2) I am doing more work with shackled birds coming from the sky (winger). He failed on his flyer because his trainer (and now I) believe the bird was alive and probably attempting to jab him. The cover was fairly high so I could not see what the bird might have been doing. He needed to be called off the AOF because it was a very hot day and the judges were limiting hunt time (or in his case attempt to stare the bird down or perhaps make it dizzy?) The actions of him jumping back and circling were repeated this past weekend with an angry mallard. 

3) Relaxing and realizing that even a failed test is a really good learning experience.

Be very prepared for a day outside with plenty of good dogs, people and just a very supportive and happy atmosphere 

Good luck and have fun! Tito is bound to do very well


----------



## GoldenSail (Dec 30, 2008)

No advice as I haven't run one yet (waiting until spring for local trials) but I wish you luck!! Go Team Tito!


----------



## hotel4dogs (Sep 29, 2008)

This is just so unlike obedience. In obedience, you know EXACTLY what to expect before you even think about going to the show. The exercises never change. The ring never changes.
In this, I don't have any idea what they're going to ask us to do. And since I've never even seen a JH run (except a small part of lab national, and that's a whole long story....) I don't know what to expect.
I hear all these horror stories of the dogs being sent on 150 yard marks in very heavy cover across a raging flood to find a canary. Ok, I exaggerate...


----------



## hotel4dogs (Sep 29, 2008)

Just checked the running order for Saturday (Sunday isn't posted yet). 
Of course, he would be* NUMBER 13 !*


----------



## K9-Design (Jan 18, 2009)

Barb I think you will be just fine. If your dog will pick up a cripple, deliver to hand and get in the water, everything else is up to chance and there's not a lot you can do about it but wait and see what they set up for the test. I have seen hard JHs and I've seen super easy ones. Wait for the judge to call your number, let er rip and see what happens...not much more TO do in junior!!!


----------



## IowaGold (Nov 3, 2009)

Will you know anyone there? That helps a lot! At this point, you've paid your entry fee, just go and have a good time. I'm sure you were nervous the first time you showed in obedience too (even you do know what exercises are going to be asked for). The first time in anything is scary. After this test, it won't be quite so scary.

Everyone has different ideas of what heavy/tall cover is. Hopefully your imagination is making it out to be tougher than what it truly will be! 

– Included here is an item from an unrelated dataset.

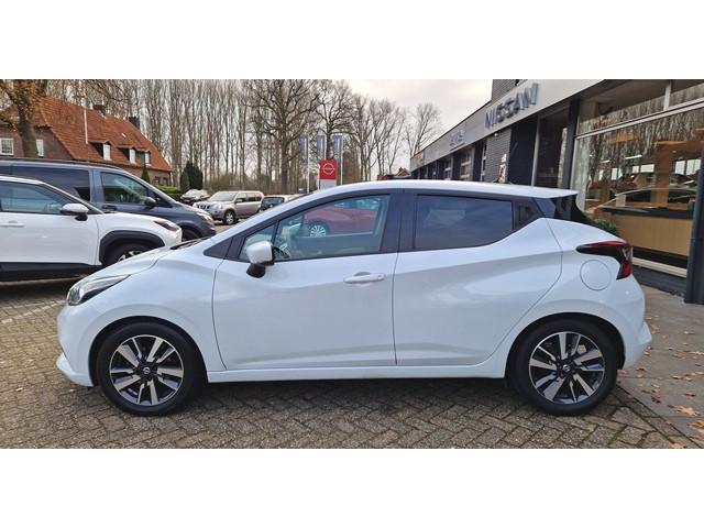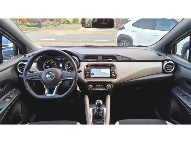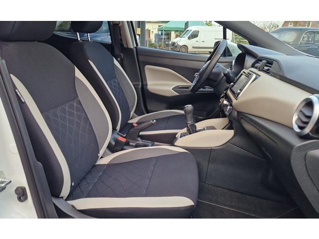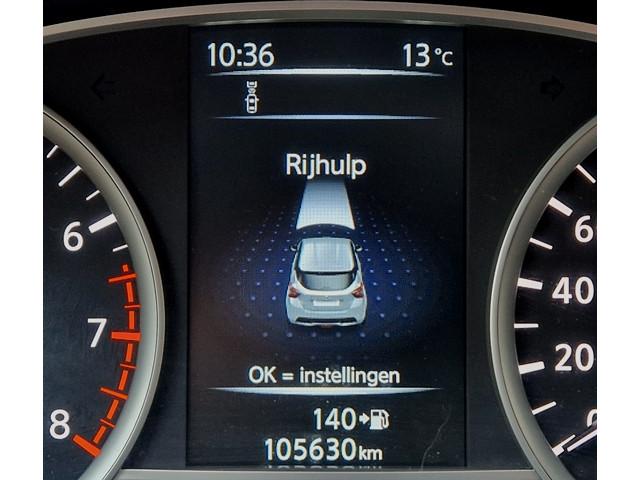 2 hoofdsteunen achter, 3-punts veiligheidsgordels achter (automatische oprolfunctie) (x3), 5'' Kleuren TFT instrumentenpaneel, 12V aansluiting, 16'' Lichtmetalen velgen, 60/40 neerklapbare achterbank, ABS (antiblokkeerremsysteem), Accubeschermingssysteem: automatische uitschakeling van koplampen en binnenverlichting bij vergeten, Achterspoiler, Achteruitrijcamera en parkeersensoren, Armsteun voorportieren met grijze inzetstukken, Automatische airconditioning, Automatische inschakeling van de ruitenwisser achteraan bij het inschakelen van de achteruitversnelling, Automatisch in-/uitschakelende koplampen, Bandenreparatieset, Bekerhouders (2 voor en 1 achter), Bekleding stof 'modern' zwart met grijze inzetstukken en stiksels, Binnendeurengrepen in chroom, Bovenste deel van het dashboard in soft-touch materialen, Buitenspiegels in carrosseriekleur, Buitenspiegels met geïntegreerde LED-richtingaanwijzers, Centrale deurvergrendeling met afstandsbediening, Cruise Control en snelheidsbegrenzer, Deurgrepen achteraan geïntegreerd in de achterstijl, Deurgrepen vooraan carrosseriekleur, EBD (elektronische remkrachtverdeler), ESP (Electronic Stability Program), Elektrische ruiten voor en handbediende achter, Elektrisch verstelbare buitenspiegels, elektrisch inklapbaar, Frontale airbags (uitschakelbare passagiersairbag), Getint glas, Gordelwaarschuwing, Gordijn airbags, Halogeen koplampen met lichtsignatuur, Hill start assist, ISOFIX kinderstoel bevestigingspunten passagierszijde en achter, In hoogte en diepte verstelbaar stuurwiel, In hoogte verstelbare bestuurdersstoel, Intelligente noodremhulp (AEB), Interieurverlichting en verlichting bedieningsknoppen elektrische ruiten, Kindersloten op de achterportieren, LED-verlichting dashboardkastje, LED dagrijverlichting, Lederen stuurwiel met stiksels, Metaalkleur, Mistlampen voor, NBAS (Nissan Brake Assist), NissanConnect navigatie, Opbergbakken in de binnenportieren voor en achter met flessenhouders, Opbergvak op de rugleuning van de passagiersstoel, Regensensor met automatische ruitenwissers, Schakelindicator, Snelheidsafhankelijke stuurbekrachtiging, Start & Stop systeem, Startonderbreking, Stuurwielbedieningen: boordcomputer, audio, telefoon, snelheidsbegrenzer / cruise control, TPMS (bandenspanning controlesysteem), Traction Control System (TCS), Trekhaak, Uitneembare bagage-afdekking, Veiligheidsgordels voor en achter met gordelspanners en spankrachtbegrenzers, Versnellingspookknop met satijnzilveren afwerking, Verstelbare hoofdsteunen voor, Verwarmde buitenspiegels, Zachte kniesteunen met stiksels, Zijdelingse airbags vooraan, Zonneklep voor bestuurder en passagier met make-up spiegeltje, kofferbakverlichting

Every test is a little different. Some things I've seen in Juniors:
-No birds (the bird didn't land where it was supposed to or was only winged and is running, etc.). Practice going to the line, see the bird fall, then heel him off the line. Come back several minutes later and re-throw (obviously the first bird gets picked up).
-Carrying a gun to the line. Had to do this in one junior test. The judge handed you the gun as you were coming out of the last holding blind and you had to carry it (safely!) to the line while keeping your dog under control. We were then able to give the gun back to the judge.
-Sit on a bucket. Sometimes the judge will have you sit on a bucket with the dog at heel while the birds are being thrown.
-Blow a duck call. At one test for the water, we sat on a bucket and then we blew a call, the gunners answered with a call, then the bird was thrown.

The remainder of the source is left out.